• EPA Determines Not to Lower Current Greenhouse Gas Permitting Thresholds
  • July 13, 2012 | Authors: Kevin C. Fitzgerald; Peter S. Glaser; Kevin C. Greene; Clifford S. Sikora; Lara L. Skidmore
  • Law Firms: Troutman Sanders LLP - Washington Office ; Troutman Sanders LLP - Atlanta Office ; Troutman Sanders LLP - Washington Office ; Troutman Sanders LLP - Portland Office
  • On June 29, 2012, the Environmental Protection Agency (“EPA”) finalized Step 3 of its Greenhouse Gas Tailoring Rule, but decided not to lower the 75,000 and 100,000 ton-per-year emission thresholds that currently allow minor sources of greenhouse gases to avoid permitting requirements. In the original 2010 rule that established Steps 1 and 2, EPA had promised to consider lowering the thresholds to 50,000 tons per year in Step 3. However, citing the struggling economy, significant decreases in state agency budgets, and a lower-than-expected demand for greenhouse gas permits during the past year, EPA determined that states, regulated sources, and EPA itself did not yet have sufficient experience or resources to justify expanding the program to smaller sources by lowering the thresholds.

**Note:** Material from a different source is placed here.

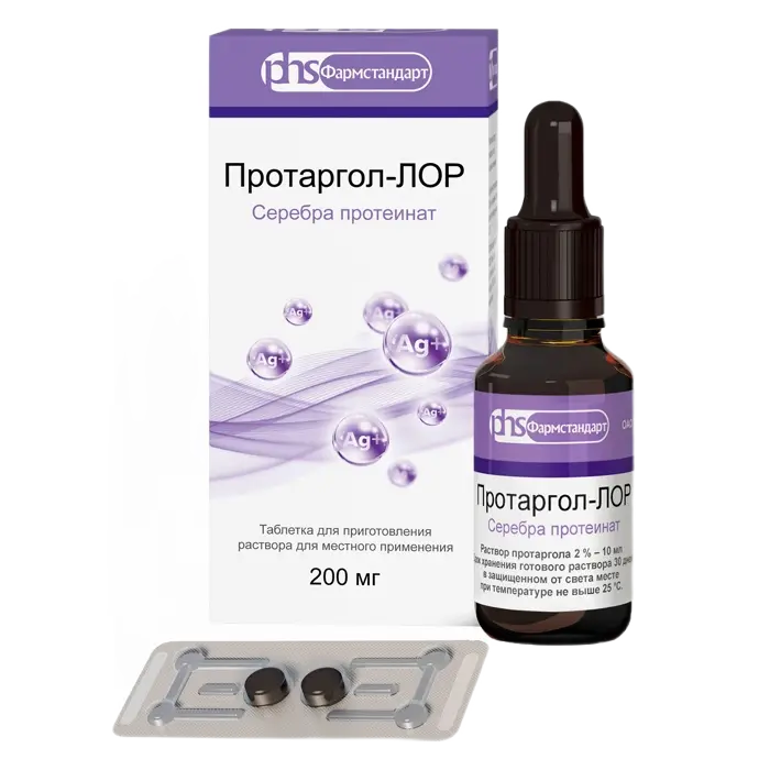 Действующее вещество: ;серебра протеинат (протаргол) — 200,0 ;мг.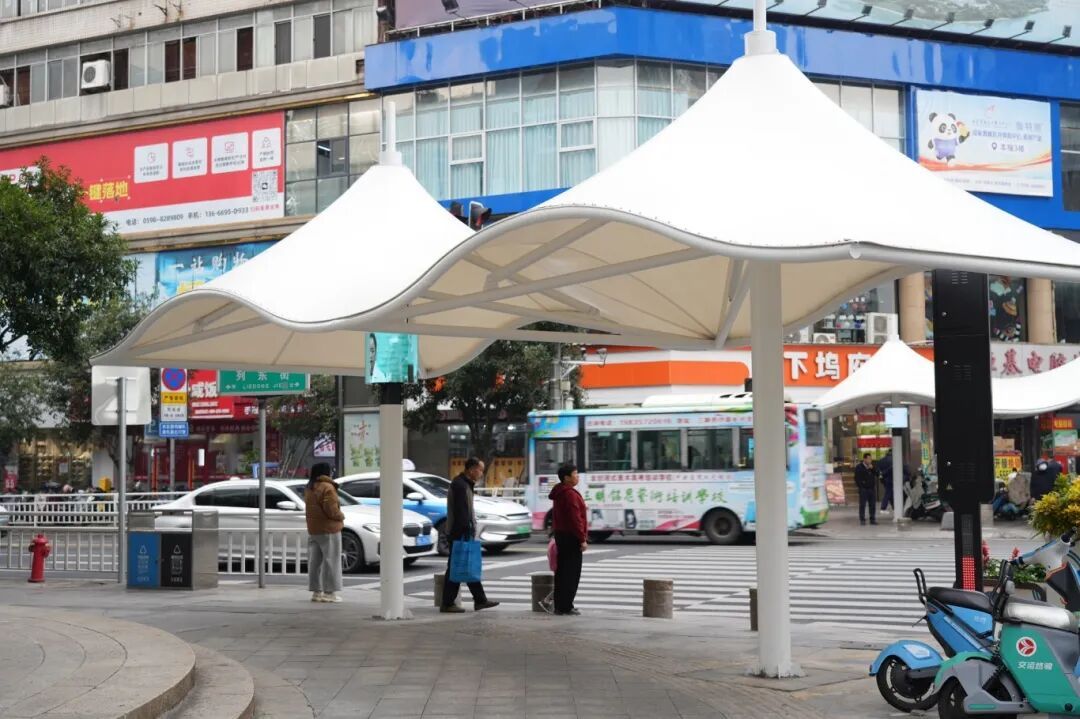 近日,三元区多个十字路口的等候区域,一顶顶简约大气的白色遮阳棚陆续“上岗”,不仅为等候红灯的市民撑起了防晒避雨的安心空间,更以清爽造型为城市颜值加分,成为街头暖心的民生风景。

    After deciding to leave the current thresholds in place, EPA also addressed two “streamlining” measures that it had proposed in March. First, EPA revised the Tailoring Rule to allow the use of “Plant-wide Applicability Limits” or “PALs” to avoid greenhouse gas permitting. In essence, a “PAL” is an emission limit established to ensure that an existing source’s emissions do not exceed “major modification” permitting thresholds. For example, EPA’s rule confirms that a facility currently emitting 500,000 tons per year of greenhouse gases can accept a “PAL” of 575,000 tons per year to avoid permitting, freeing it to modify its facility so long as its total greenhouse gas emissions remain below that level.

    EPA did not finalize its proposal to allow sources located in areas where EPA is the permitting authority to use “synthetic minor” permits. Such permits are designed to ensure a source remains below “major source” thresholds (for example, by establishing an emission limit of 99,999 tons per year of greenhouse gases). EPA noted in its proposed rule in March that most states already have the authority to approve synthetic minor permits, but EPA’s final Step 3 rule nevertheless declines to adopt similar authority into EPA’s own rules.

    EPA’s decision to retain the current greenhouse gas permitting thresholds comes on the heels of a decision by the U.S. Court of Appeals for the D.C. Circuit to uphold the Tailoring Rule generally against challenges from industry and states that the rule conflicts with the Clean Air Act. Therefore, unless the U.S. Supreme Court accepts an appeal of the D.C. Circuit’s decision, these events suggest that the current greenhouse gas permitting rules are likely to remain on the books indefinitely.